Samolot Bryza rozbił się w Gdyni Babich Dołach podczas ćwiczeń. Maszyna należała do Brygady Lotnictwa Marynarki Wojennej. Nad lotniskiem ćwiczono manewr lądowania na jednym działającym silniku. W katastrofie zginęły cztery osoby.

Na miejsce wypadku przybyli już prokuratorzy. "Prokuratorzy muszą wykonać szczegółowe oględziny miejsca zdarzenia, zabezpieczą też dowody - w tym przypadku będą to przede wszystkim części samolotu. Prowadzone będą też przesłuchania świadków i analiza dokumentacji zarejestrowanej przy okazji tego lotu" - mówi rzecznik prokuratury ppłk Zbigniew Rzepa.

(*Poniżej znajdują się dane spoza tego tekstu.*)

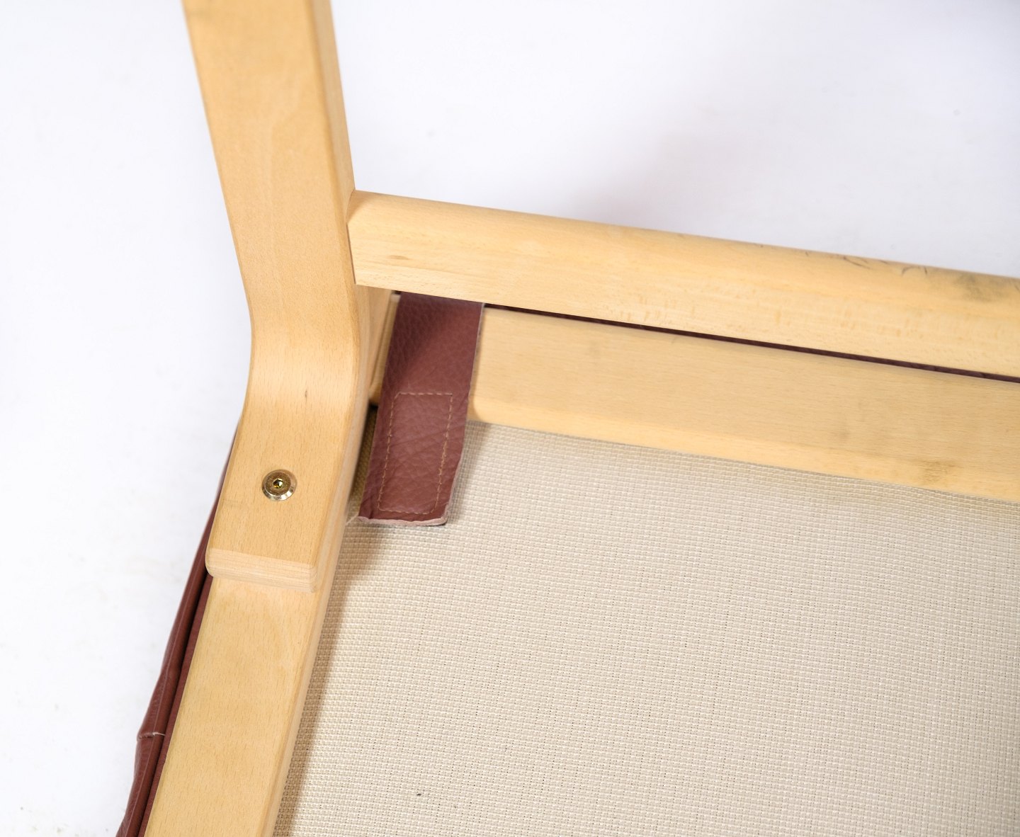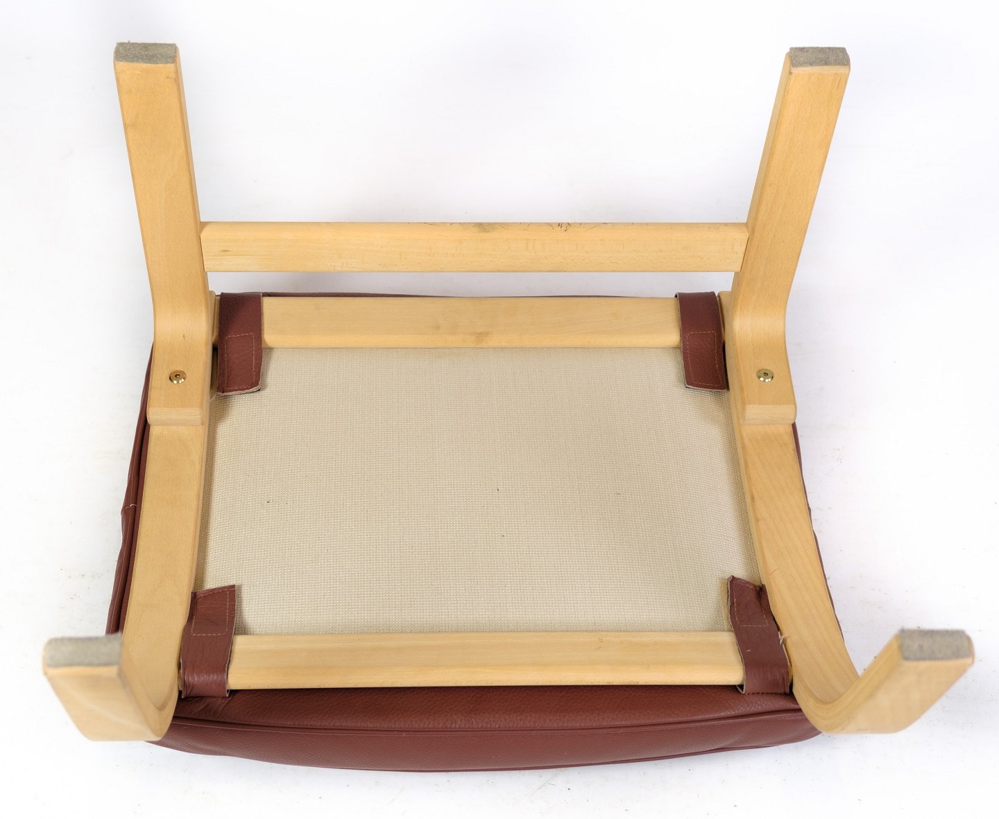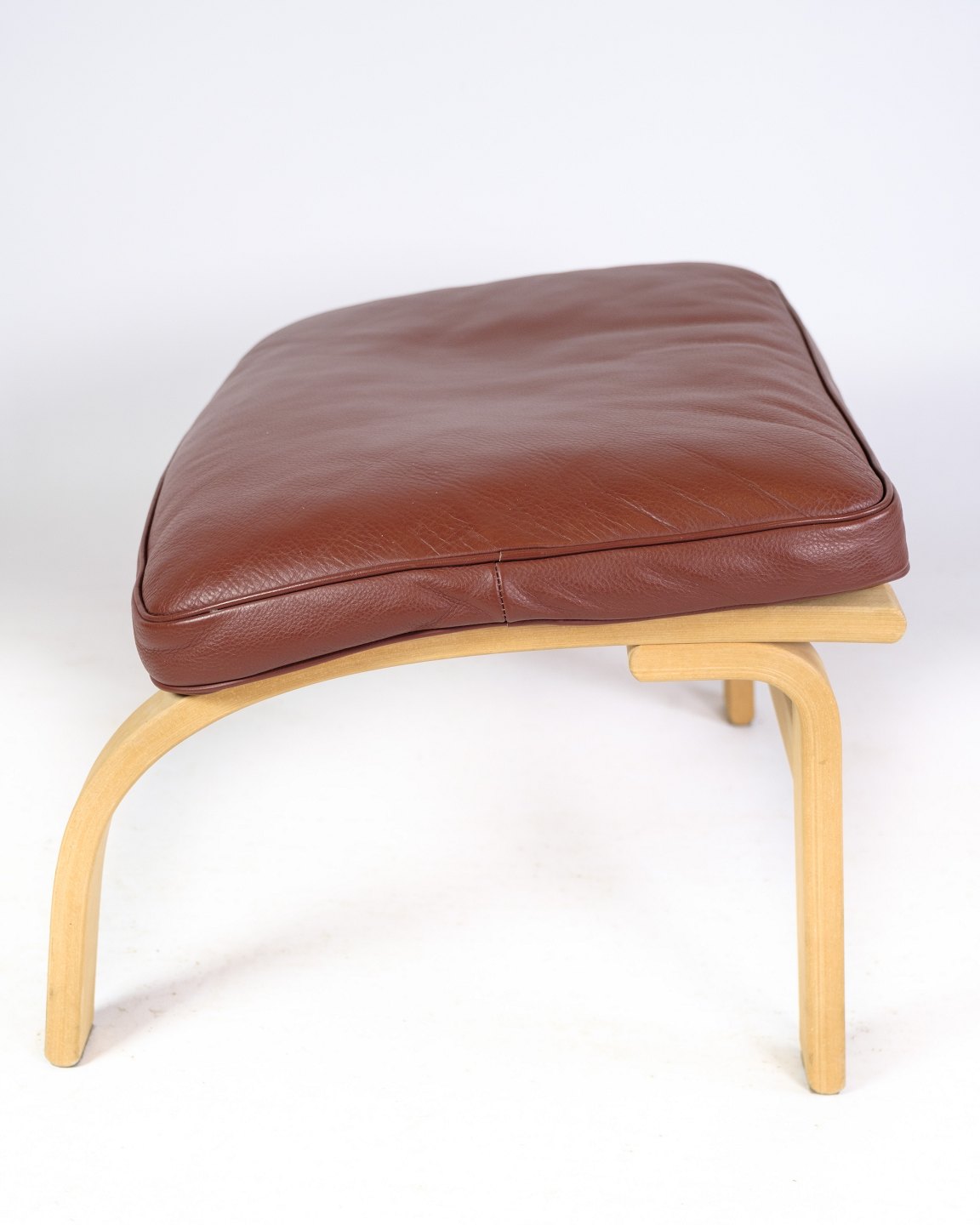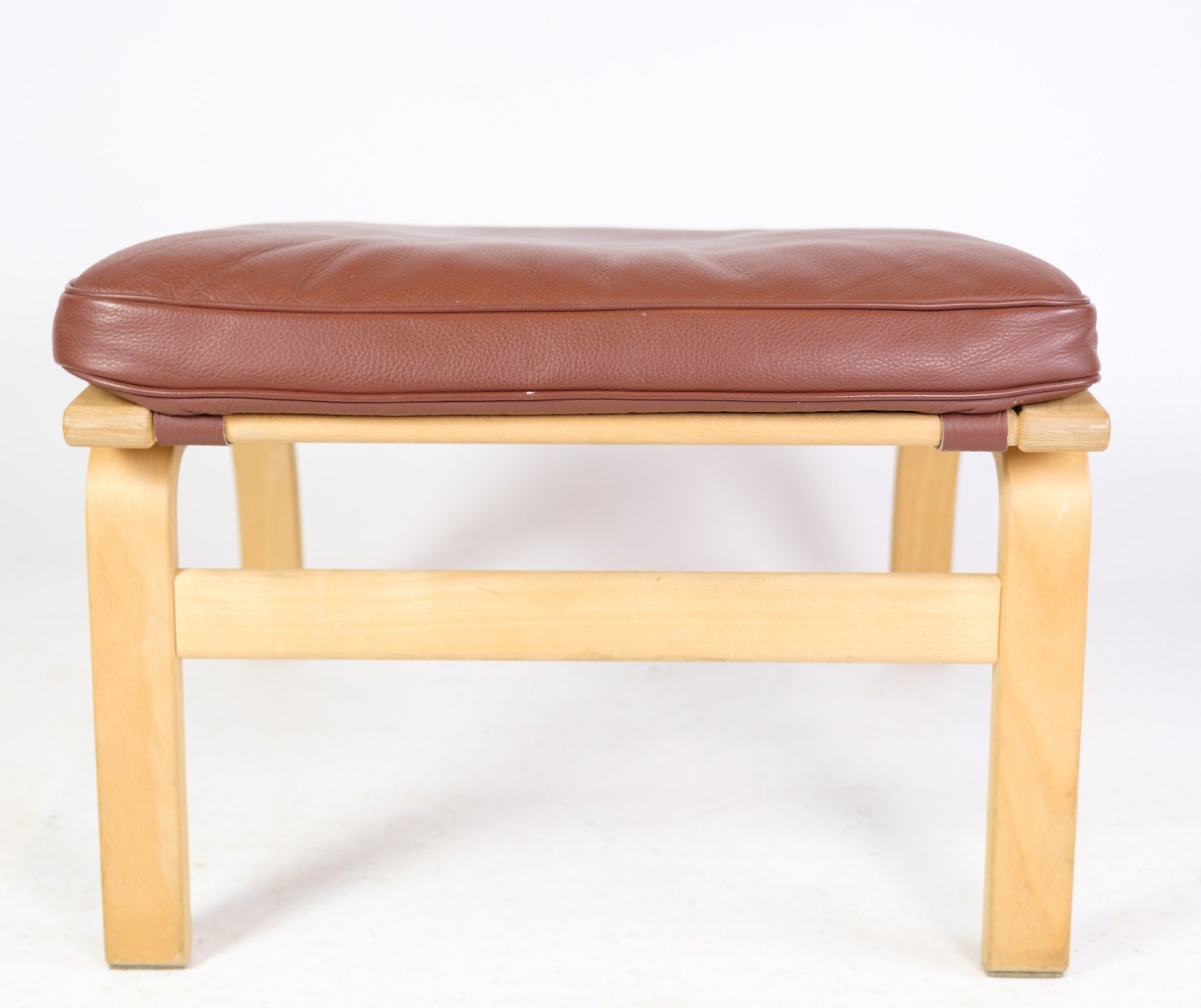 Den brune læderhynde i cognacfarve tilføjer varme og komfort til skamlen og er med til at skabe en indbydende atmosfære. Læderet er af høj kvalitet og vil med tiden udvikle en smuk patina, der kun tilføjer til skønheden i møblet.

>>>Pilot transportowca tłumaczy DZIENNIKOWI, jak latać na Bryzach

Prace mające wyjaśnić przyczyny katastrofy prowadzi też Wojskowa Komisja Badania Wypadków Lotniczych. Rzecznik prasowy dowódcy Marynarki Wojennej, kmdr por. Bartosz Zajda zapowiedział, że w środę Marynarka Wojenna postara się udzielić informacji na temat czteroosobowej załogi. Marynarka do tej pory nie podała do wiadomości danych personalnych ofiar.

Żałoba w Gdyni

Tymczasem prezydent Gdyni Wojciech Szczurek ogłosił w mieście trzydniową żałobę w związku z katastrofą. Na znak żałoby na gmachu urzędu miasta flagi zostały spuszczone do połowy masztu.

"Prezydent apeluje do organizatorów imprez, by uwzględnili nastrój chwili i zrezygnowali w tym czasie z rozrywkowego charakteru przygotowywanych wydarzeń" - poinformowało biuro prasowe Urzędu Miejskiego w Gdyni.